Performs a spring layout on the current graph.

minCrossingSpringLayout(num_iterations=100, fixed_nodes=None, fraction=1.0)

Perform multiple spring layouts and keep the one with the fewest edge intersections, keeping the original positions if the layout could not be improved.

Parameters
  • num_iterations (int) – number of spring layouts to try

  • fixed (iterable of Node) – nodes for which the position should be fixed

  • signal (bool) – whether to emit the positionChanged signal

  • fraction (float) – stop iterating if no reduction in crossings is found within this fraction of num_iterations

hasPositions(accept_partial=False)

Determines whether the nodes in this graph have x-y coordinates.

Parameters

accept_partial (bool) – if set to True, the method will check whether at least one node has coordinates. Otherwise it requires that all nodes have coordinates.

getState()

Get the current state of the Graph

setState(state)

Set the current state of the Graph

setUndoPoint(signal=True)

Store the current state to the undo stack. Also wipes out the redo stack.

undo()

Revert to the last state on the undo stack.

redo()

Undo the undo

clearUndoHistory()

Clears both undo and redo stacks

merge(g)

Merge data from another graph into this graph. Nodes with duplicate names will be considered to be the same ligand.

Parameters

g (Graph) – graph from which data is being merged.

deleteSelectedItems(include_edges=True, include_nodes=True)

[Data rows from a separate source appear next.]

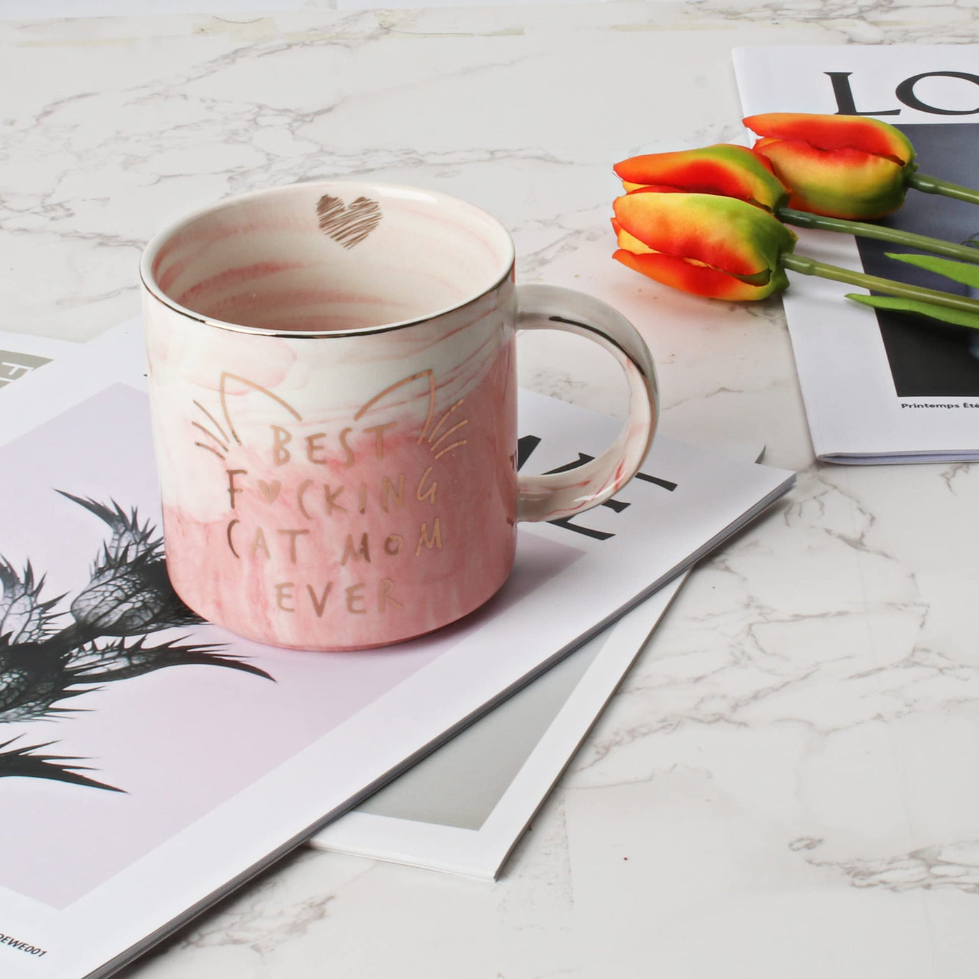 - Q: What design features does the Cat Mom Mug have? A: The mug features a beautiful pink marble pattern with gold accents and an elegant cat-themed saying that adds charm to your kitchen.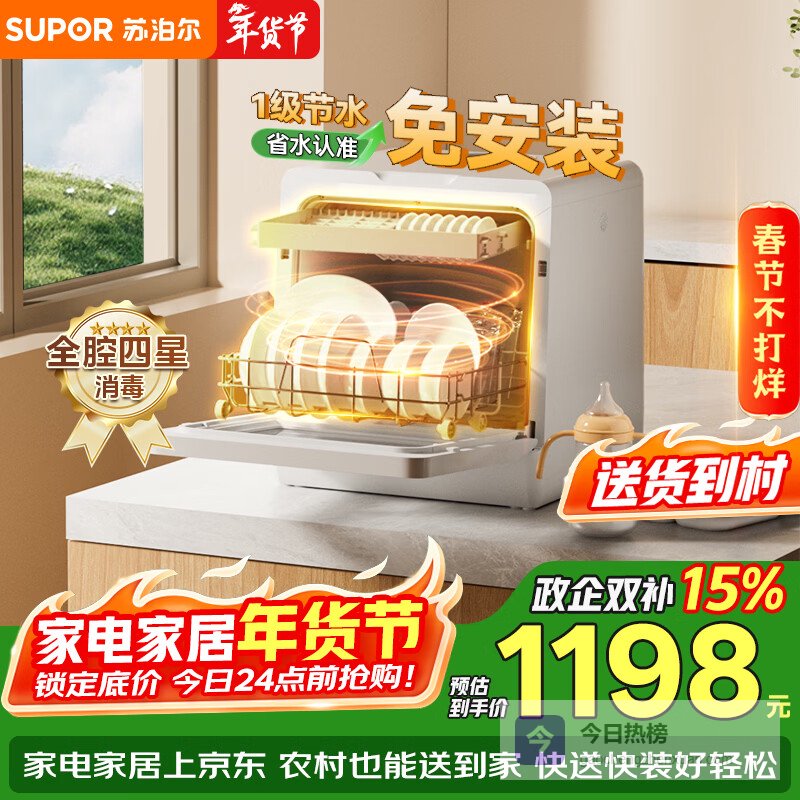 苏泊尔(SUPOR)洗碗机台式家用免安装超一级水效【升级92℃高温除菌】软水系统 洗消烘一体 WMT¥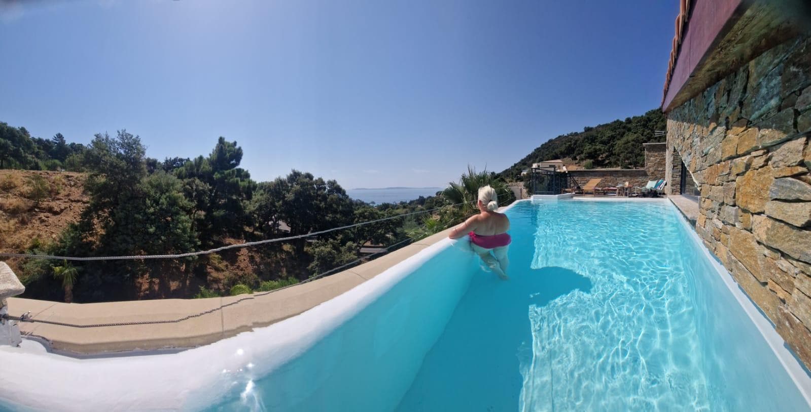 This villa has a magnificent infinity pool and a beautiful sea view on the Ile du Levant is a 10-minute walk from Canadel beach.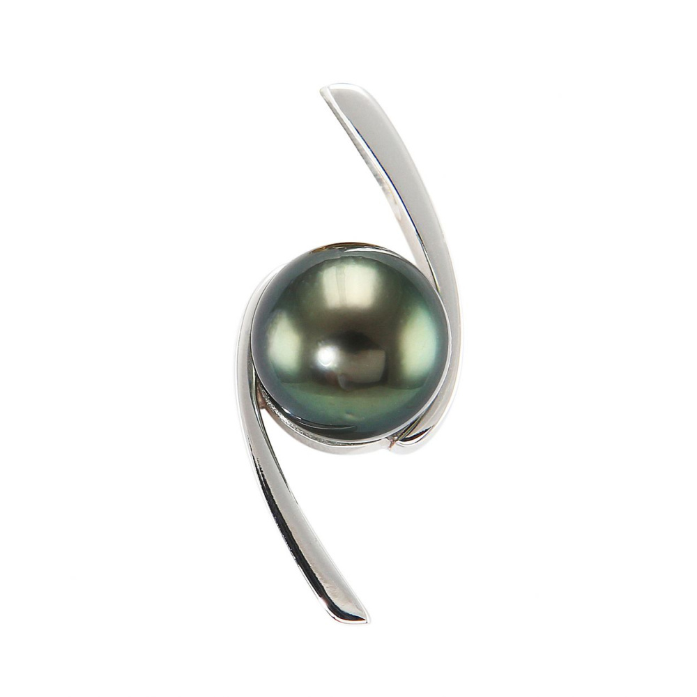 Pendentif en Or Blanc 750 serti d'une Perle de culture de Tahiti ronde de 8mm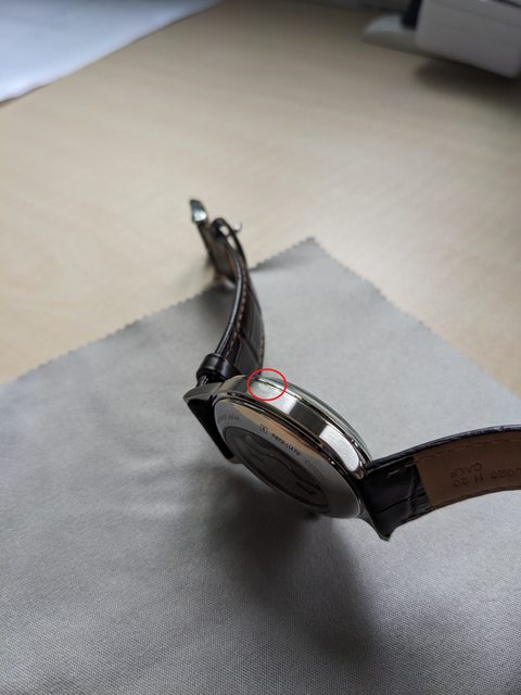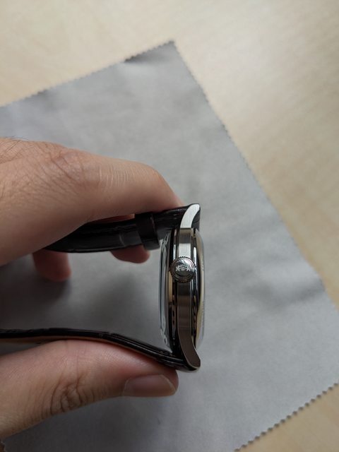 使用狀況:日常配戴細痕,鏡面無傷,錶殼左側有小小的嗑碰痕跡,新舊程度約95%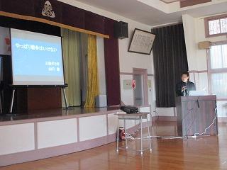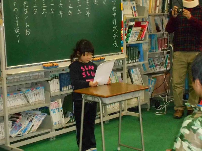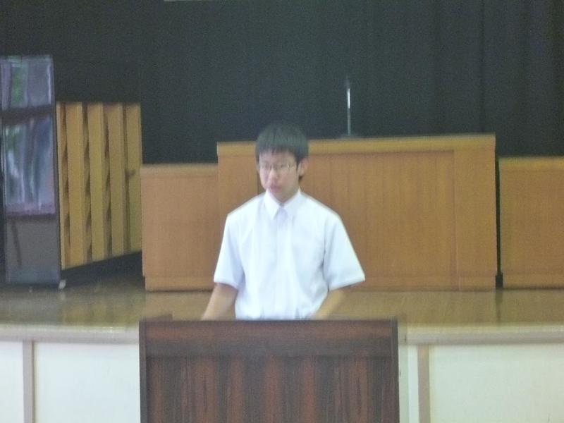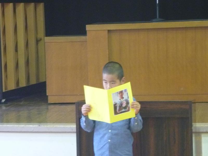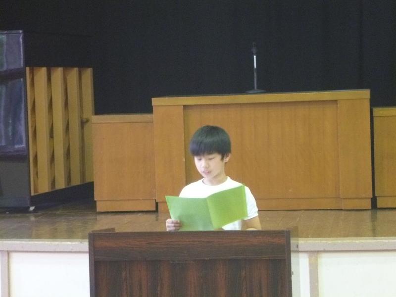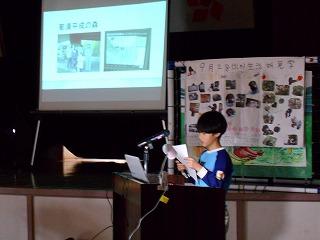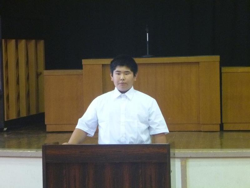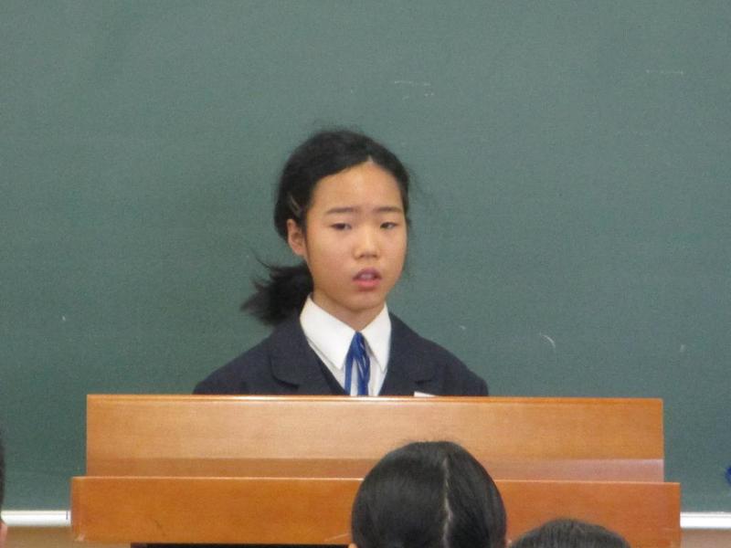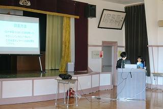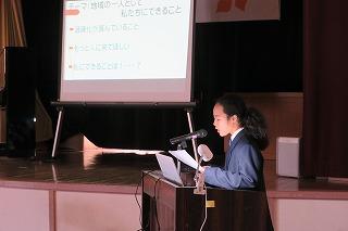 今回は、先生2名の発表でした。はじめの方はご自分の名前について思い出を混ぜながら話され、子供たちに自分の名前を大切にしてほしいと呼びかけました。またもう一人の先生は、東北の被災地に行ってきた経験を話され、復興があまり進んでいないことや報道されていない様子など、実際に自分の目で見る大切さを訴えていました。表彰式も行いました。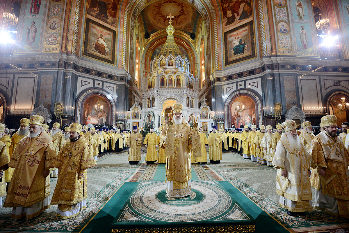 Description: A large group of people in yellow robes in a church with a priest in the center of the room.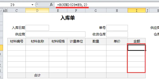 1、因为明细表中 “金额 = 数量 × 单价”,我们先给金额列添加 Excel 公式:“=ROUND(F2*G2,2)”,并用快捷键Ctrl+D批量填充到整个金额区域(H9:H13)。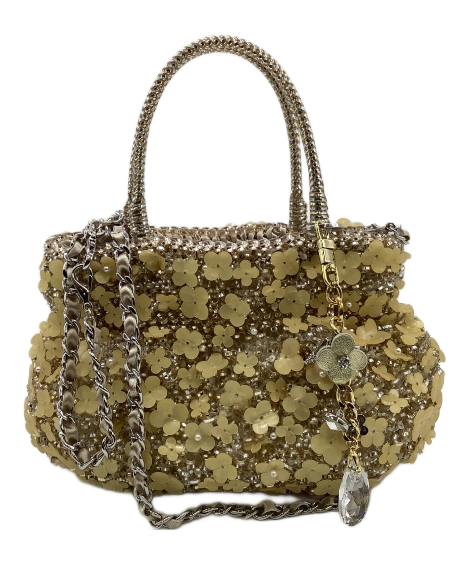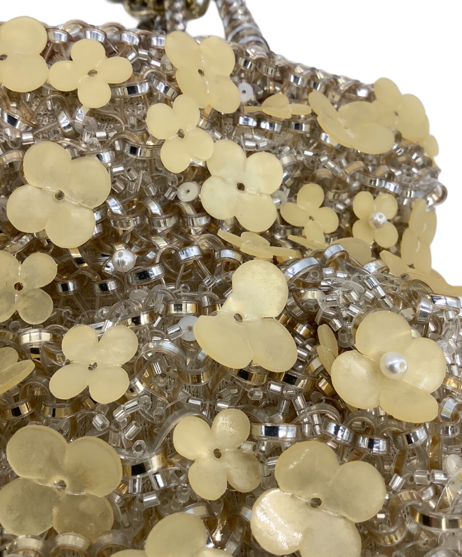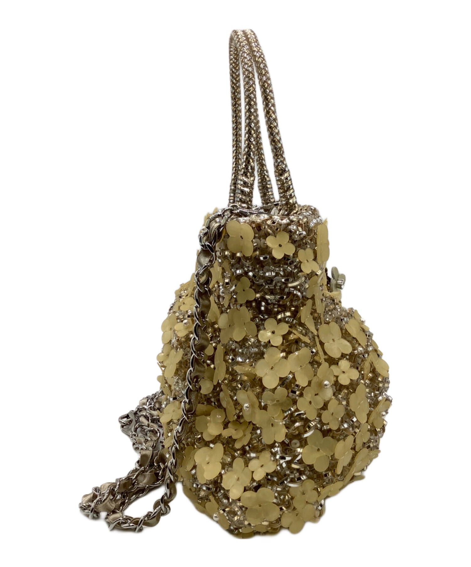 | スタッフコメント | ワイヤーバッグに施された花びらモチーフの装飾、ストーン輝くチャームが目を惹きます。着脱可能な2サイズのチェーンストラップでアレンジをお楽しみいただけるお品物です。 |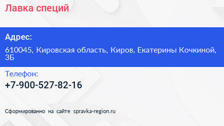 Лавка специй по адресу 610045, Кировская область, Киров, Екатерины Кочкиной, 3Б в дальнейшем Организация, размещена в следующих категориях:

Delete selected nodes and/or selected edges.

Parameters
  • include_edges (bool) – whether selected edges should be deleted

  • include_nodes (bool) – whether selected nodes should be deleted

deleteItems(nodes=None, edges=None)

Delete specified nodes and edges from the FEP map.

Parameters
  • nodes (Set[Node]) – nodes to delete

  • edges (Set[Tuple[Node, Node]]) – edges to delete

class schrodinger.ui.qt.network_visualizer.Node(name, graph=None)

Bases: object

Model class for Node. Wraps the NetworkX Graph.node dictionary.

x_key = 'storedX'
y_key = 'storedY'
__init__(name, graph=None)

Construct a Node object. Most of the time, this will be constructed around an existing NetworkX node (i.e. an entry in the networkx.Graph.node dict). If a graph is specified, a node of the same name must exist in the graph, or a ValueError will result.

QT signals will only be emitted if a graph is specified.

Parameters
  • name (hashable) – a unique identifier for this node

  • graph (Graph) – the graph object to which this node belongs

Variables
  • _gnode – the underlying graph node that this node wraps. In this class, we use the node name as the graph node, but any hashable object can be used.

  • _gdata – dictionary that stores data belonging to the underlying graph node.

property gnode

Return the underlying graph node object wrapped by this Node instance (not the data dictionary _gdata).

property name

Return unique string associated with this node. Convert to string for subclasses which do not necessarily use strings as graph nodes.

x()
y()
pos()

Returns the Node’s current position coordinates. Returns None if there are no coordinates.

Return type

tuple (float, float)

setX(x, signal=True)
setY(y, signal=True)
setPos(x, y, signal=True)

Set the node’s position coordinates

Parameters
  • x (float) – x coordinate

  • y (float) – y coordinate

gdata()

Directly access the node data dictionary. Use this object carefully, as directly altering its contents can lead to internal inconsistencies.

This may be wrapped to restrict access.

getData(key)

Return the requested item from the node’s data dictionary. Returns None if the key is not found.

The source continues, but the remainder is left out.